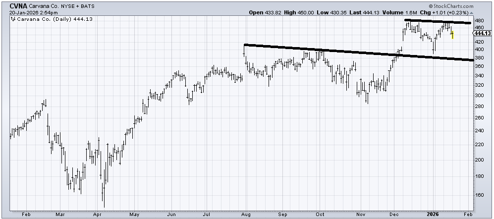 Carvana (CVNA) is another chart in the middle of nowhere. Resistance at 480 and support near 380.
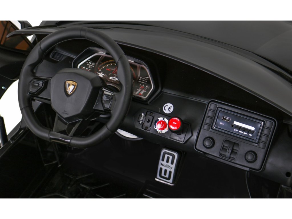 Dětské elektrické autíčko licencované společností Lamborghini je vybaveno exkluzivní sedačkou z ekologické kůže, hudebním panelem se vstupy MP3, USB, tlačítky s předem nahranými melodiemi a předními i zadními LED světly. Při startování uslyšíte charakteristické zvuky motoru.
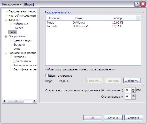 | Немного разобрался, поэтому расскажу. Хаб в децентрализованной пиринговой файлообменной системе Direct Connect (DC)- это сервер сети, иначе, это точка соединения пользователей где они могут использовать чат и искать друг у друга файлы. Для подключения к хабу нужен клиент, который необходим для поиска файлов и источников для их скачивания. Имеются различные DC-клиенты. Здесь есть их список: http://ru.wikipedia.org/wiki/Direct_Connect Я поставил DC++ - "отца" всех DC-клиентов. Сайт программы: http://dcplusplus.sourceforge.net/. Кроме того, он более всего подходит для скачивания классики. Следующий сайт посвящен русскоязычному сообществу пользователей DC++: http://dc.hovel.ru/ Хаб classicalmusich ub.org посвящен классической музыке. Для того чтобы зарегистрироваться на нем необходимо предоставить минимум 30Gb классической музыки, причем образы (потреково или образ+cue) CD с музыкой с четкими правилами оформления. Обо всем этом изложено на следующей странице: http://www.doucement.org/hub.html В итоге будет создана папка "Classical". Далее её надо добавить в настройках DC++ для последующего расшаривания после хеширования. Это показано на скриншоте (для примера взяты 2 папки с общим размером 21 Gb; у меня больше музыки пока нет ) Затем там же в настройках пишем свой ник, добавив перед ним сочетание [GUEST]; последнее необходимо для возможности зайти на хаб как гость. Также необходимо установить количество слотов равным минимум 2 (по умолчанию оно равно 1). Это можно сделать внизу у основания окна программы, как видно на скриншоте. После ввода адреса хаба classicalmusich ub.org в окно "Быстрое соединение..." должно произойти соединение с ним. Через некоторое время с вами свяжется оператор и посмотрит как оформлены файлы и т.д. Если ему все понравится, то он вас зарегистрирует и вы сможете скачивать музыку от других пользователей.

▬▬▬

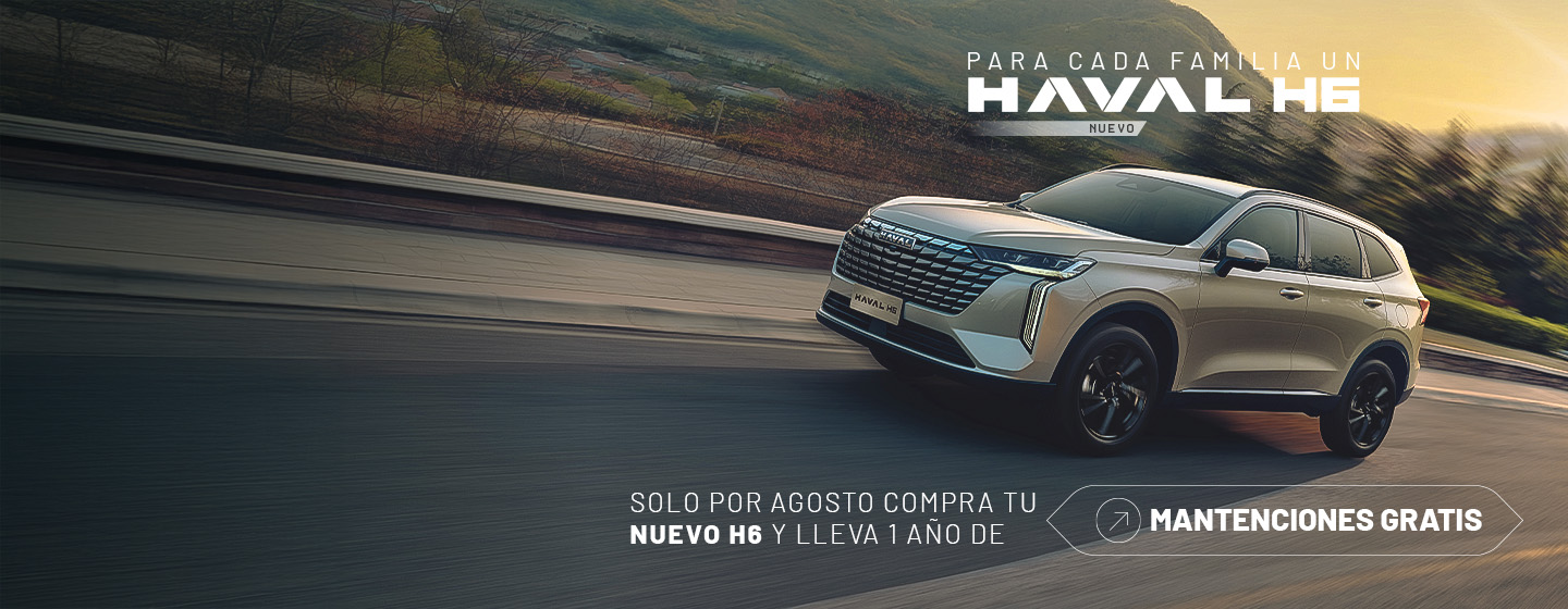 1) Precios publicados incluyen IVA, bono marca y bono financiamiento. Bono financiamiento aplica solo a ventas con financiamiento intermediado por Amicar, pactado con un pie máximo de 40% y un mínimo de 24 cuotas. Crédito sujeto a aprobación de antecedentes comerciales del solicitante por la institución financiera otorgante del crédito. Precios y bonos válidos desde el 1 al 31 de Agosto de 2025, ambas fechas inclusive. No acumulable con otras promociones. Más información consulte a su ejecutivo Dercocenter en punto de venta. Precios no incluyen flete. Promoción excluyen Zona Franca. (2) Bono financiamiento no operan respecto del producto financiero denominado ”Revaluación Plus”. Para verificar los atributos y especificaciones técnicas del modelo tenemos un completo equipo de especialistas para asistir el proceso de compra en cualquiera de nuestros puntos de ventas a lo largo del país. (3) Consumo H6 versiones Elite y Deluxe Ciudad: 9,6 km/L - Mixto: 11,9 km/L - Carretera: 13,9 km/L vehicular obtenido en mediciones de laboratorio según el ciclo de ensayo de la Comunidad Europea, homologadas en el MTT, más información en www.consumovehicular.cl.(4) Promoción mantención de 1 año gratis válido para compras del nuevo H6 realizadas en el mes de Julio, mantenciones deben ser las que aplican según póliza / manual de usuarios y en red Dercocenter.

▬▬▬

**What you are asked to do:** The lines to copy exactly start with the line above that has "Carvana (CVNA) is" and go on through the line that has "Dětské elektrické autíčko"; please include both, add nothing else, and omit the pictures.

**Exercise answer:**
 Carvana (CVNA) is another chart in the middle of nowhere. Resistance at 480 and support near 380.
 Dětské elektrické autíčko licencované společností Lamborghini je vybaveno exkluzivní sedačkou z ekologické kůže, hudebním panelem se vstupy MP3, USB, tlačítky s předem nahranými melodiemi a předními i zadními LED světly. Při startování uslyšíte charakteristické zvuky motoru.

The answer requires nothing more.